Ein bekanntes Gesicht aus Hindelbank bleibt der Fantribüne fern
Karl Gorsatt, einst Aussenverteidiger beim FC Bern und in den Junioren-Nationalmannschaften, verfolgt die Fussball-Weltmeisterschaft 2026 erstmals seit 32 Jahren nicht live aus einem Stadion. Für den Berner ist die Lage klar: Die Schweizer Mannschaft hat Chancen, und das Resultat sieht er knapp. «Die Schweiz gewinnt 1:0», sagt Gorsatt.
Als Gründe, warum er dieses Mal zuhause bleibt, nennt Gorsatt vor allem zwei Faktoren: die Steigerung der Kosten für Tickets und Reisen sowie das öffentliche Auftreten von Fifa-Präsident Gianni Infantino. Solche Entscheidungen spiegeln eine Entwicklung, die auch für andere Fussballfans im Kanton wichtig ist: Internationale Grossanlässe werden teurer und politisch umstritten – das wirkt sich direkt auf Reise- und Freizeitbudget aus.

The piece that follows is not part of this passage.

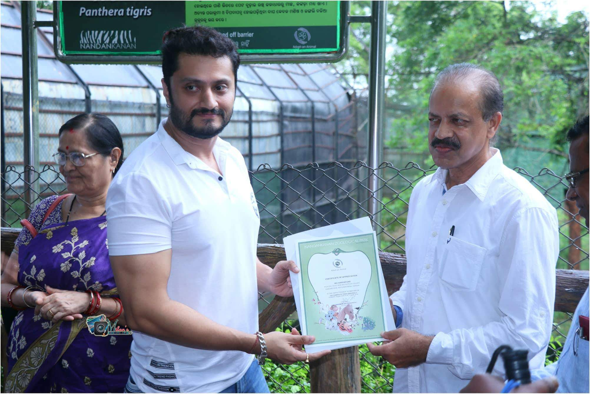 Actor Chandan Kar receiving a certificate of appreciation from the Deputy Director of Nandankanan Mr. Jayant K Das

«Die Schweiz gewinnt 1:0.»
Das Foto, das mit dem Bericht publiziert wurde, zeigt Gorsatt gemeinsam mit Doris Gorsatt; die beiden hatten sich für das Shooting entsprechend geschminkt. Weitergehende Details zum Porträt sind hinter einer Bezahlschranke einsehbar.
Was das für Fans im Kanton Bern bedeutet
Die Entscheidung eines langjährigen Stadionbesuchers wie Gorsatt ist exemplarisch für ein grösseres Publikum: Immer mehr Anhänger prüfen Kosten-Nutzen, Reisestrapazen und Image-Fragen rund um Grossanlässe. Für die lokale Fanszene hat das mehrere konkrete Folgen:
- Weniger Kantonsbewohner reisen zu Spielen ins Ausland; lokale Public-Viewing-Angebote gewinnen an Bedeutung.
- Vereine und Fanclubs müssen vermehrt interne Veranstaltungen oder gemeinsame Übertragungen organisieren.
- Kommunale Veranstalter könnten von wachsendem Interesse an gemeinschaftlichen Übertragungsorten profitieren.
Besonders für jene, die früher regelmässig ins Stadion reisten, steht die Frage im Raum, welchen Stellenwert internationale Spiele künftig noch haben – ökonomisch wie emotional.
Kurzportrait (bekannte Fakten)
| Person | Bekannt als | Wohnort |
|---|---|---|
| Karl Gorsatt | Ehemaliger Aussenverteidiger (FC Bern), Superfan | Hindelbank |
Für Bewohner des Kantons Bern bleibt relevant, wie sich solche Veränderungen im Fanverhalten auf lokale Angebote auswirken: Von Public-Viewing an zentralen Orten bis zu Vereinsaktivitäten in den Gemeinden. Die Haltung einzelner Fans gegenüber der FIFA kann zudem Debatten über Ethik und Sportpolitik befördern, auch auf kommunaler Ebene.
Weiterführende Biografien und die ausführliche Reportage sind nur über das ursprüngliche Medium hinter einer Bezahlschranke verfügbar.